DITADURA MILITAR

Série sobre delator Cabo Anselmo provoca náuseas, mas é imprescindível

“Em busca de Anselmo”, de Carlos Alberto Jr. mergulha com profundidade na história, sem medo de dar voz a um de nossos maiores canalhas

Minissérie Em busca de Anselmo.Créditos: Divulgação
Escrito en OPINIÃO el

Poucas obras vistas, lidas ou ouvidas vão deixar um gosto tão ruim na boca quanto a série “Em busca de Anselmo”, de Carlos Alberto Jr., em exibição no HBO Max. E o resultado indigesto se dá muito mais por ousadia e talento do diretor, que optou por abrir a câmera e deixar o personagem, um dos mais execráveis – talvez o mais – da história da nossa República, contar a sua história, matraquear e mentir à vontade.

E o ex-marinheiro José Anselmo dos Santos fala aos borbotões, ri debochadamente e conta, a cada momento em que é entrevistado, tanto no documentário quanto fora dele, uma história completamente diferente, em que tenta confundir o interlocutor. O espectador nauseado é convidado a montar um quebra-cabeça cada vez mais claro e nítido, que se desvenda com os trejeitos desprovidos de qualquer constrangimento e das mentiras do entrevistado.

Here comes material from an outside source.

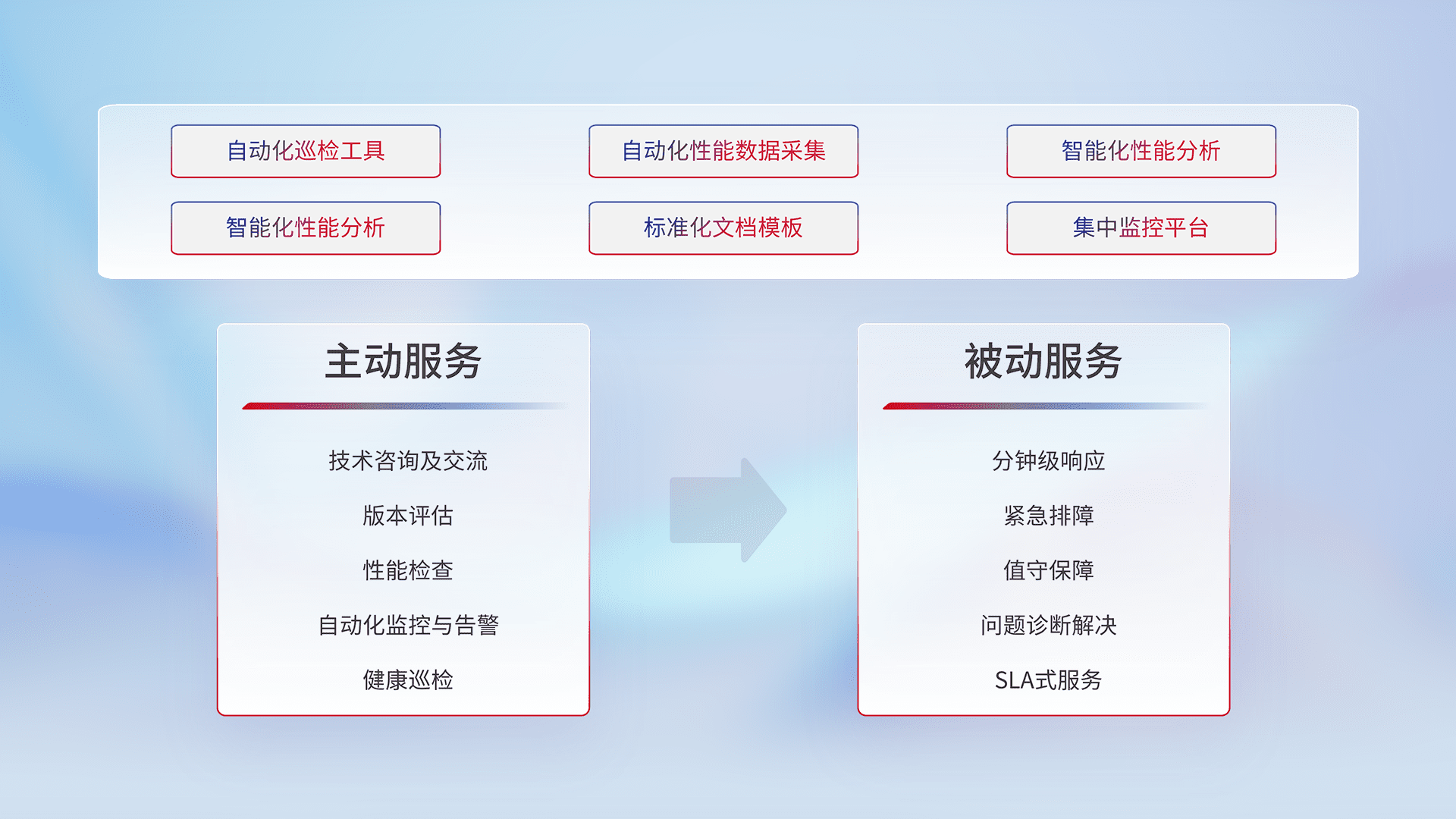 智能化工具和标准化文档,,保障服务质量,,,,提供主动服务(包含技术咨询、、版本评估、、、、性能检查、、、自动化监控与告警、、、、健康巡检)和被动服务包含(分钟级响应、、、、紧急排障、、、值守保障、、、问题诊断解决、、、、SLA服务)。。。

Poucas vezes alguém conseguiu comprovar com tamanha competência e sem grandiloquência a total falta de caráter de um personagem. Cabo Anselmo é um crápula, delator que foi capaz de entregar até mesmo a ex-companheira, a militante Soledad Barrett, para ser morta pelos algozes do DOI-CODI. Fatos não comprovados até hoje dão conta que ela estaria grávida.

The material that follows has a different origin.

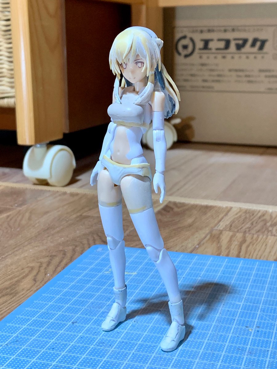 影虎さん完成。前つくった白虎と同じく髪型でイメチェン。白虎よりお姉さんなイメージがしたんでポニテにしてみました。キリッとしていながらも驚き顔が何か弱いところ見せていて可愛いですね。 #フレームアームズ・ガール

Cenas dele dando de ombros ao explicar com tamanha naturalidade o desenrolar dos fatos até chegar ao que se tornou, ou seja, um alcaguete sustentado pelo delegado Sérgio Paranhos Fleury – um dos grandes algozes daqueles tempos – são de embrulhar o estômago do mais comum dos criminosos.

Espectador não é poupado

Carlos Alberto Jr. não nos poupa de nada. Chega a filmar uma das comemorações anuais que se dão em torno da campa de Fleury, local onde encontramos outro personagem, o delegado Carlos Alberto Augusto. Considerado tutor de Cabo Anselmo, ele é suspeito de comandar sessões de tortura no Dops (Departamento de Ordem Política e Social) de São Paulo durante a ditadura militar (1964-85).

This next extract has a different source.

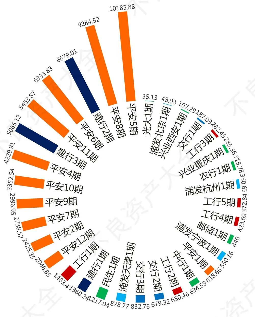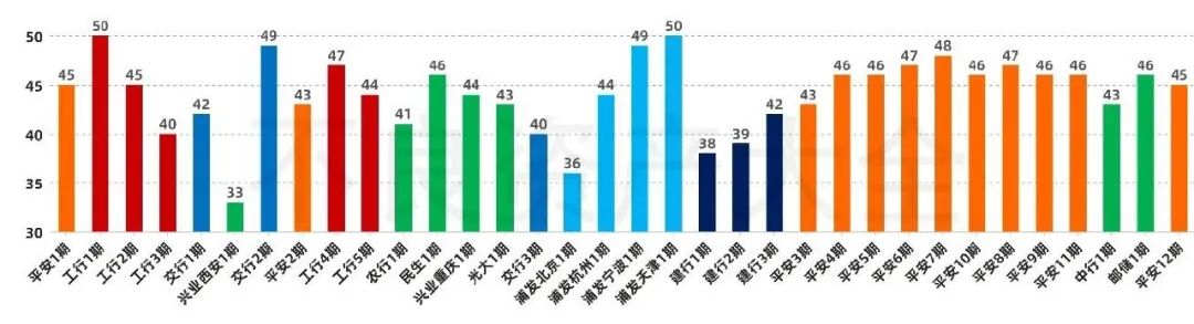 除了上述三家銀行,工商銀行在3月和6月分別成交3期和2期,浦發則在8月下旬連續兩天掛出4期。除此之外,其余參與的銀行多以1期試探性掛牌,本金余額總計占比不到3%.

Em junho do ano passado, Carlos Alberto, conhecido como ‘Carlinhos Metralha’, foi condenado pelo juiz Sílvio César Arouck Gemaque, da 9ª Vara Criminal Federal de São Paulo, a 2 anos e 11 meses de prisão em primeira instância. Esta foi a primeira vez que um ex-agente da ditadura militar foi condenado por crimes políticos cometidos durante o regime em uma ação penal.

De acordo com depoimento do jornalista Percival de Souza, ele e Anselmo se tornaram “irmãos siameses” e passaram o resto da vida ligados umbilicalmente. O DOI-CODI arrumou na época um apartamento para o Cabo Anselmo em frente ao local em que morava Carlos Alberto, em São Paulo. De lá, ele gravava conversas que o cabo mantinha com “companheiros” da luta armada.

Ñasaindy Barrett

A série se desenrola ainda com depoimentos de vários militantes sobreviventes que descrevem relatos e mentiras do Cabo Anselmo. Entre eles, o de Ñasaindy Barrett, filha de Soledad, é um dos mais comoventes.

Como em um julgamento, em que são apresentados provas e depoimentos de todos os lados, a série “Em Busca de Ancelmo” coloca o espectador na posição de jurado. Ao analisar provas e contraprovas, contradições e mentiras mostradas, não resta a quem assiste outra opção a não ser condenar o personagem, junto com todos os seus comparsas, ao lixo da história.

Um documentário imprescindível, detalhista e profundamente sincero para qualquer um que queira entender nossa história recente. Um episódio longo que, infelizmente, ainda resiste, deixando tantos resquícios em nosso tempo presente.